Je ne suis pas fâché de vous dire que je fais de l’escrime depuis vingt-deux ans.

Mais, pour décourager les bretteurs qui seraient tentés de me chercher querelle, je m’empresse d’ajouter que, pendant ces vingt-deux ans, j’ai travaillé d’une façon assez intermittente; tout en ayant acquis quelques principes, je suis resté ce que j’étais au début, un tireur très dangereux, avec qui il faut rester sur la défensive, car il y a autant de chances pour que je molle mon épée dans mon adversaire que partout ailleurs.

J’ai commencé par faire de l’escrime dans une salle d’armes humide et sombre qui se trouvait dans un passage. J’ai acheté un masque, un gant, une veste, deux fleurets, des sandales, et j’ai payé un mois d’avance. Mais le second mois, ayant égaré l’argent que m’avait remis ma famille, je ne suis pas retourné à la salle, où j’ai laissé mes fleurets, ma veste et mon masque, soigneusement rangés par le prévôt dans une case.
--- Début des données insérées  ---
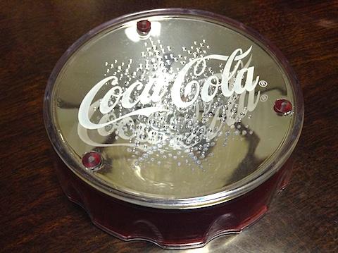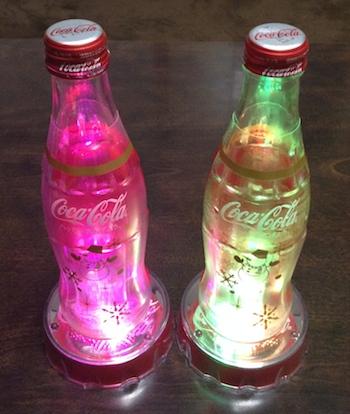 妻が購入してきたものなので、私が見た時はすでに箱もコーラの中身も無くなっていて、LEDコースターと空のボトルだけがテーブルの上に置かれていました。
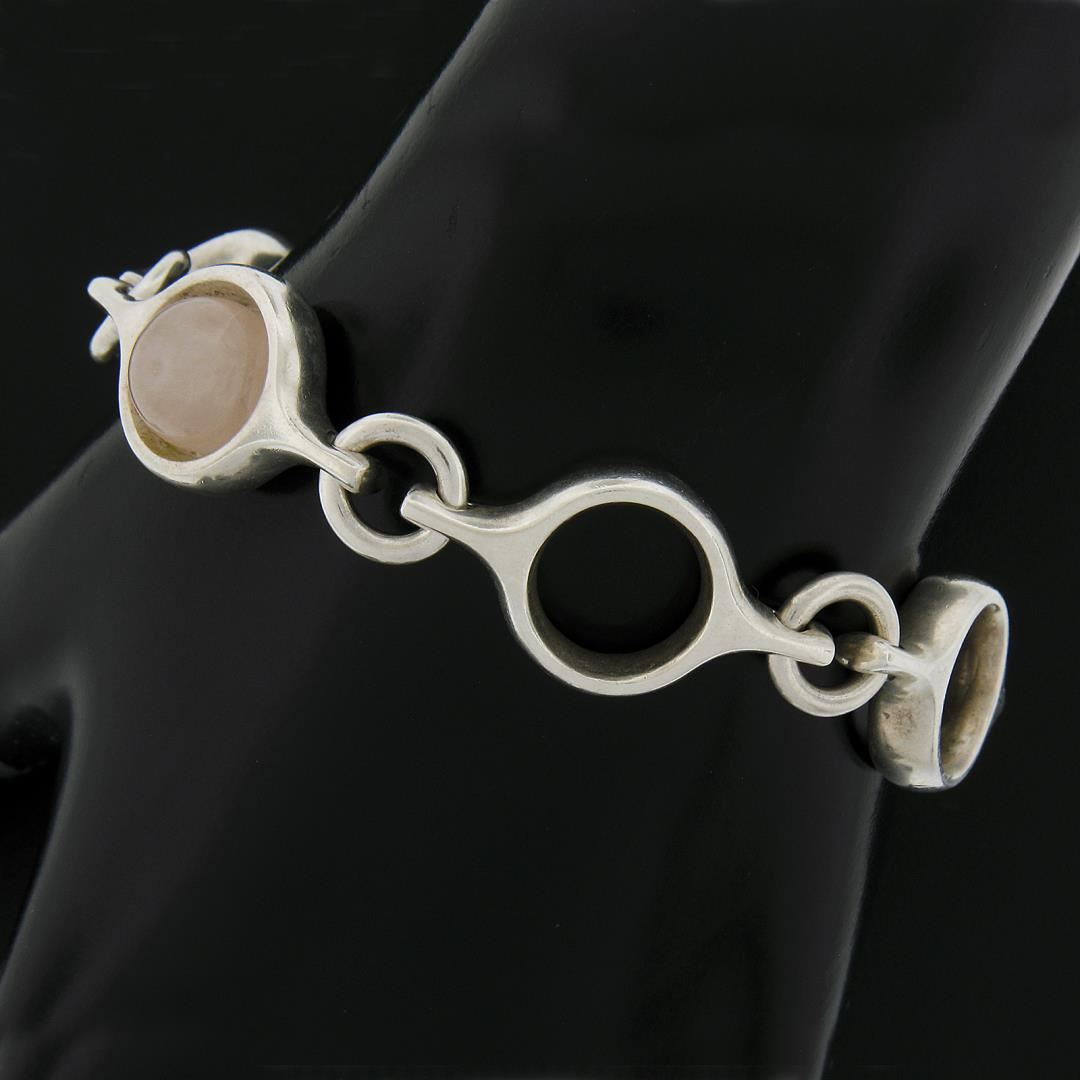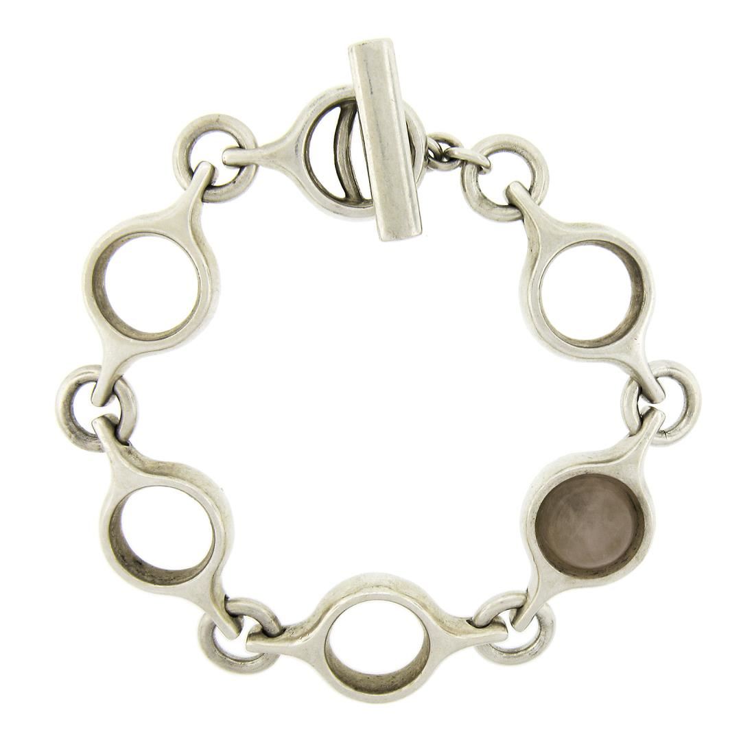 Georg Jensen Silver Open Round Link Chain 474 Bracelet w/ Toggle Clasp & Quartz

Le maître d’armes était mince, sévère et moustachu. Il n’y avait entre lui et moi aucune expansion, aucune cordialité. Le prévôt, un grand gaillard alsacien, me parlait davantage. A cette époque, où l’on ne faisait que du fleuret, on s’épuisait à acquérir une garde correcte, la pointe de l’épée à la hauteur de l’œil de votre adversaire, la poignée à la hauteur de votre téton droit.

Chacun des élèves offrait à son tour une bouteille de madère dont je buvais un verre le plus gaillardement possible. J’espère pour les débutants actuels que le jeu de l’épée et l’entraînement anglais ont fait disparaître l’habitude de l’apéritif, qui a beaucoup attristé mes premières armes.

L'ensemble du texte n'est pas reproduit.